Department of General Surgery, Ospedale Valduce, Como, Italy.
Department of Robotic General Surgery, Azienda Ospedaliera San Giovanni Addolorata, Rome, Italy.
Int J Med Robot. 2021 Apr;17(2):e2213. doi: 10.1002/rcs.2213. Epub 2021 Jan 15.
Near-infrared (NIR) fluorescence imaging with indocyanine green (ICG) allows intraoperative visualisation of the lymph nodes (LNs) draining the tumour.
We included in our study 20 patients who underwent robotic subtotal gastrectomy + D2 lymphadenectomy for gastric cancer. In 10 cases, intraoperative ICG-guided lymphography has been used (Group A). We compared the number of LNs retrieved with the use of NIR imaging and the number of LNs retrieved without the use of this technique (Group B, historical group).

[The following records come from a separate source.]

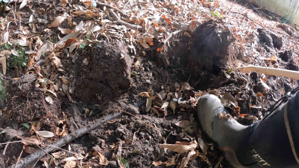 地面自体は、特に草が繁茂しているということも無くかなりふかふかで掘りやすいのですが、塩ビパイプがかなり下に埋まっているので掘り返すのは結構大変です。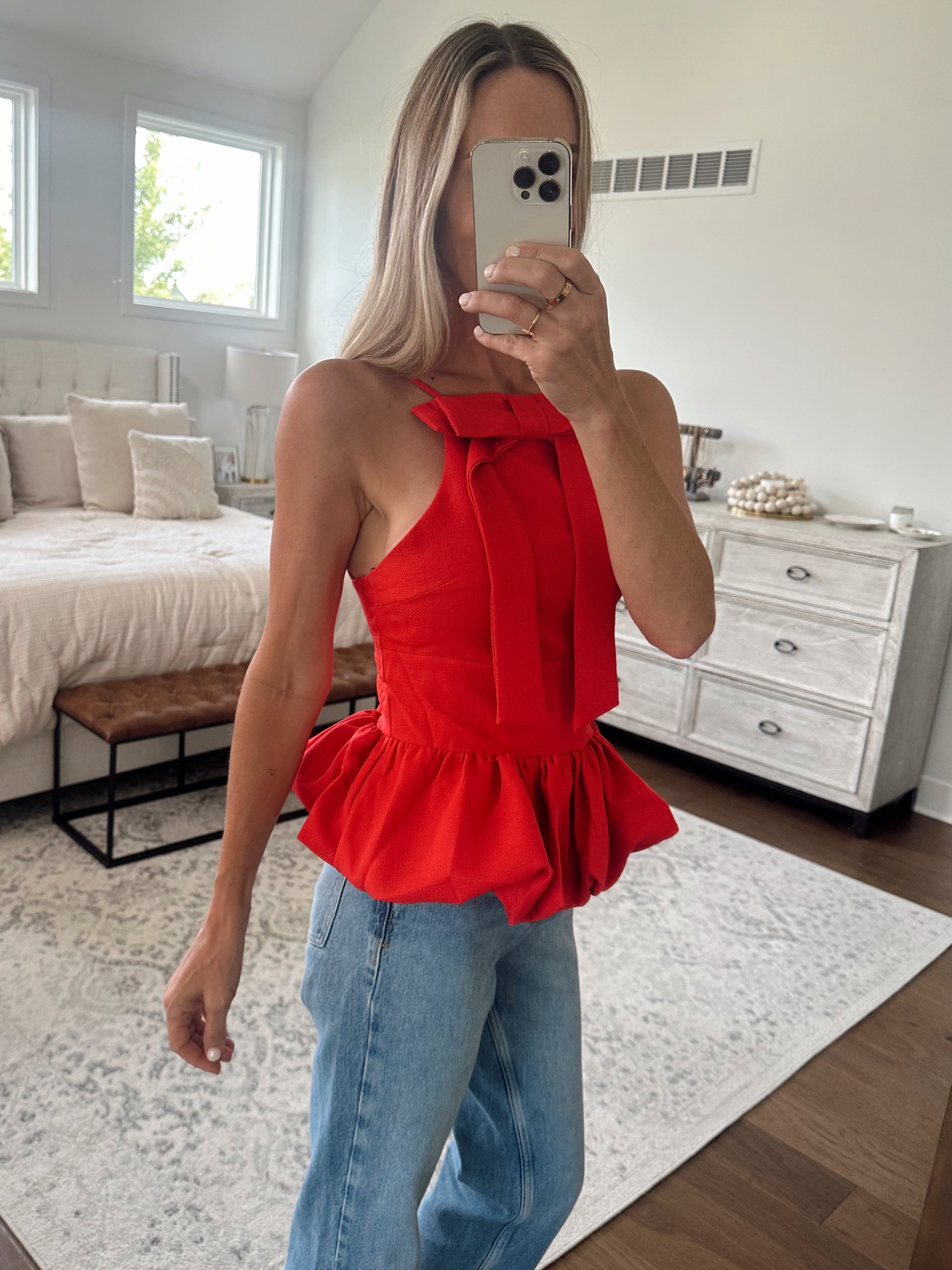 Red bow tank with ruffle bubble hem. True to size fit. Brooke is 5'10, a size 4, and shown in a small.
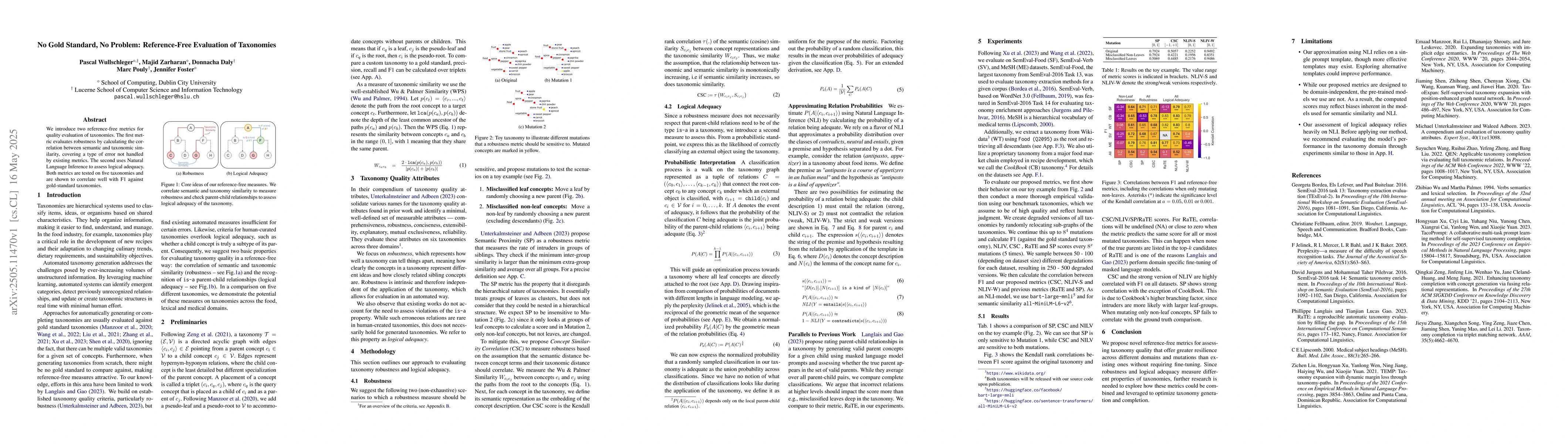 The paper presents novel reference-free metrics for taxonomy evaluation, combining semantic-taxonomic similarity and Natural Language Inference approaches.

No complications related to ICG injection or near-infrared imaging were observed. The mean number of overall LNs retrieved was significantly greater in Group A than in group B (40 vs. 24). No statistically significant difference in operative time was observed.

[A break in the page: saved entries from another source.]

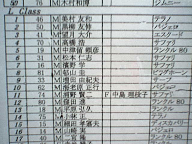 リザルト表(ロングクラス)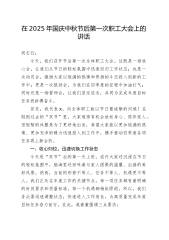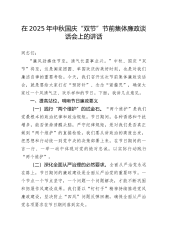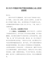 在2025年中秋国庆“双节”节前集体廉政谈话会上的讲话同志们:“廉风劲拂佳节至,清气长盈事业兴。”中秋、国庆“双节”将至,这是阖家团圆、举国欢庆的美好时刻,也是对我们廉洁自律的重要考验。今天,我们召开这次节前集体廉政谈话会,就是要给大家打打“预防针”、念念“紧箍咒”,确保大家过一个风清气正、欢乐祥和的节日。下面,我讲几点意见。一、提高站位,明晰节日廉政要义(一)践行“两个维护”的试金石。“两个维护”是我们党最根本的政治纪律和政治规矩。节日期间,各种诱惑和干扰增多,能否保持清醒头脑,严守纪律规矩,是对我们是否真正做到“两个维护”的直接检验。我们要从讲政治的高度出发,把思想和行动统一到党中央的决策部署上来,在节日期间的一言一行、一举一动中体现对党的绝对忠诚,以实际行动践行“两个维护”。(二)深化...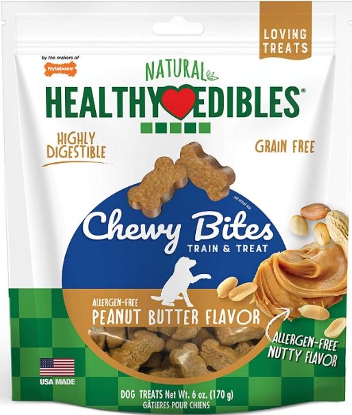 Nylabone Natural Healthy Edibles Peanut Butter Chewy Bites Dog Treats are grain-free, natural dog treats with no artificial preservatives. Featuring nutty allergen-free peanut butter flavor your four-legged friend loves, these soft and chewy snacks for dogs make perfect treats for training and rewarding. These loving treats are also highly digestible and help support your dogs digestive system to promote overall health. Created with care, these wholesome dog treats are perfect for dogs of all sizes and proudly made in the USA!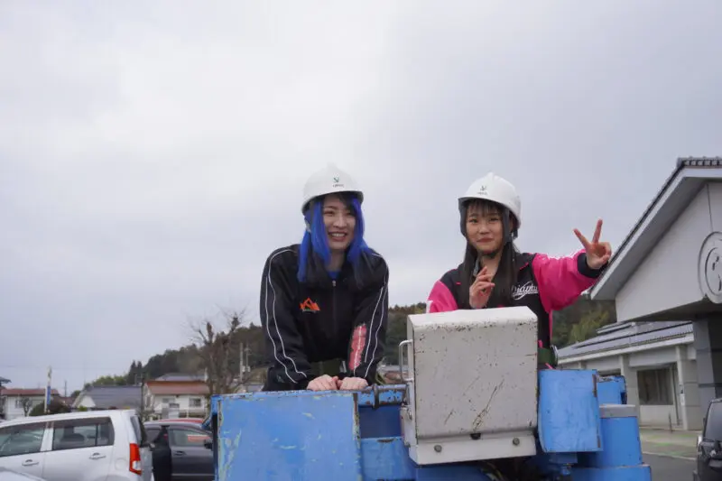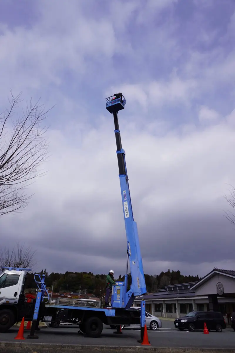 有限会社やまでんさんにご協力頂き、高所作業車と専門スタッフをご準備頂きました!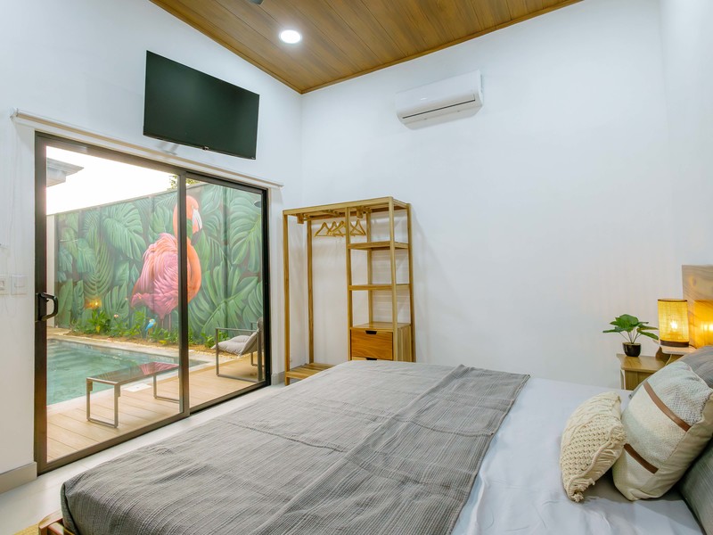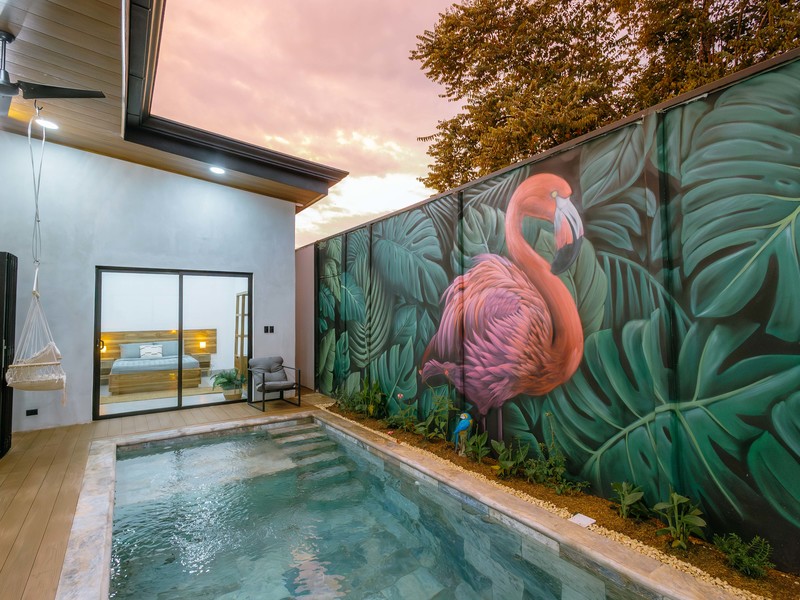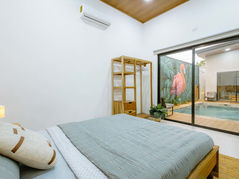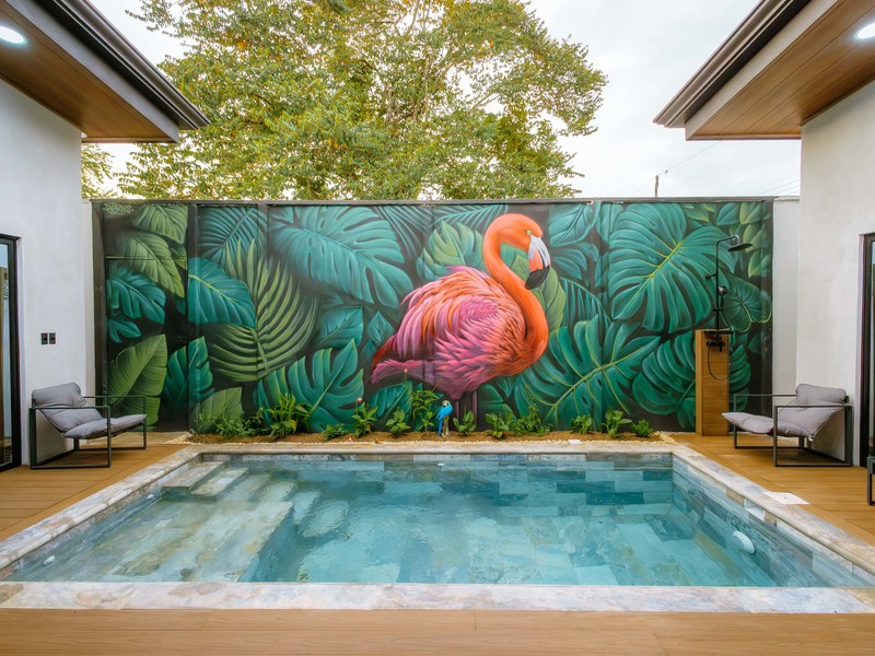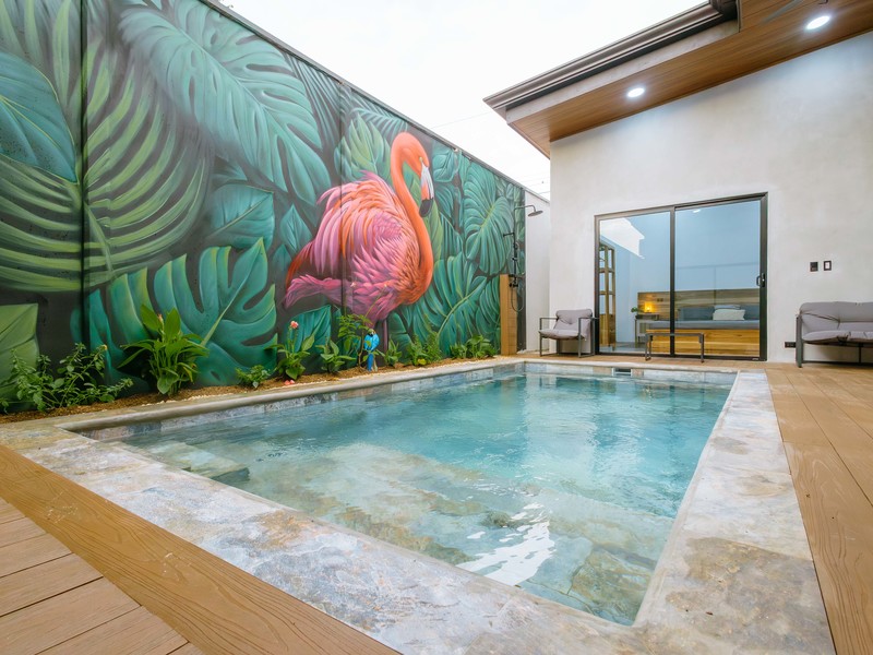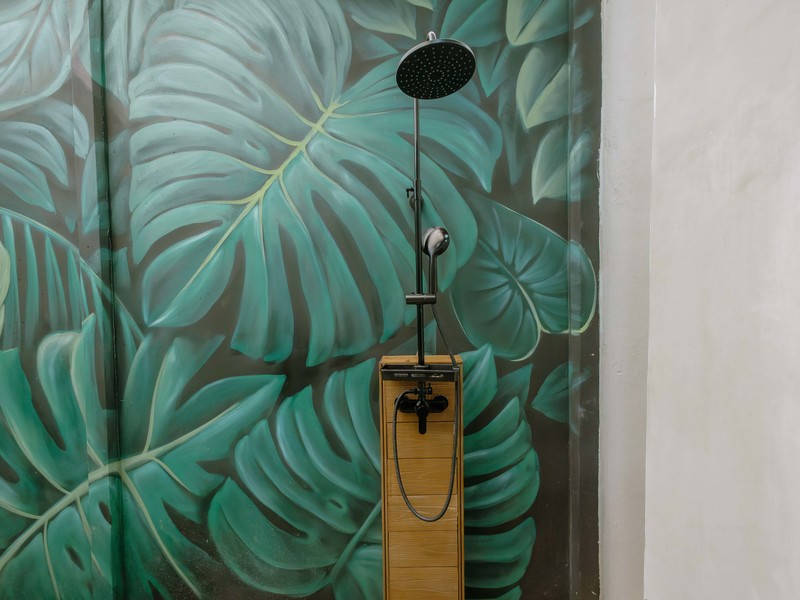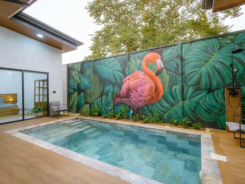 Inside, soaring ceilings and a full wall of bi-fold doors create a seamless indoor–outdoor flow, opening the entire living space onto a lush tropical terrace. The private pool with muti-level distribution is enhanced by a custom mural by a local artist, serves as the heart of the villa, with living areas and bedrooms thoughtfully arranged around it to provide calming water views throughout the home.

ICG-guided fluorescent lymphography can help in performing a more accurate locoregional lymphadenectomy during robotic subtotal gastrectomy for gastric cancer. This technique represents a precious contribution to gastric cancer surgery.
近红外(NIR)荧光成像结合吲哚菁绿(ICG)可在术中可视化肿瘤引流的淋巴结(LNs)。
我们纳入了 20 例接受机器人辅助胃大部切除术+D2 淋巴结清扫术治疗胃癌的患者。其中 10 例术中使用吲哚菁绿引导的淋巴造影术(A 组)。我们比较了使用 NIR 成像和不使用该技术(B 组,历史组)获取的淋巴结数量。
未观察到与 ICG 注射或近红外成像相关的并发症。A 组总淋巴结检出数明显多于 B 组(40 对 24)。手术时间无统计学差异。
吲哚菁绿引导的荧光淋巴造影术可帮助在机器人辅助胃大部切除术中进行更准确的局部淋巴结清扫。该技术为胃癌手术提供了有价值的贡献。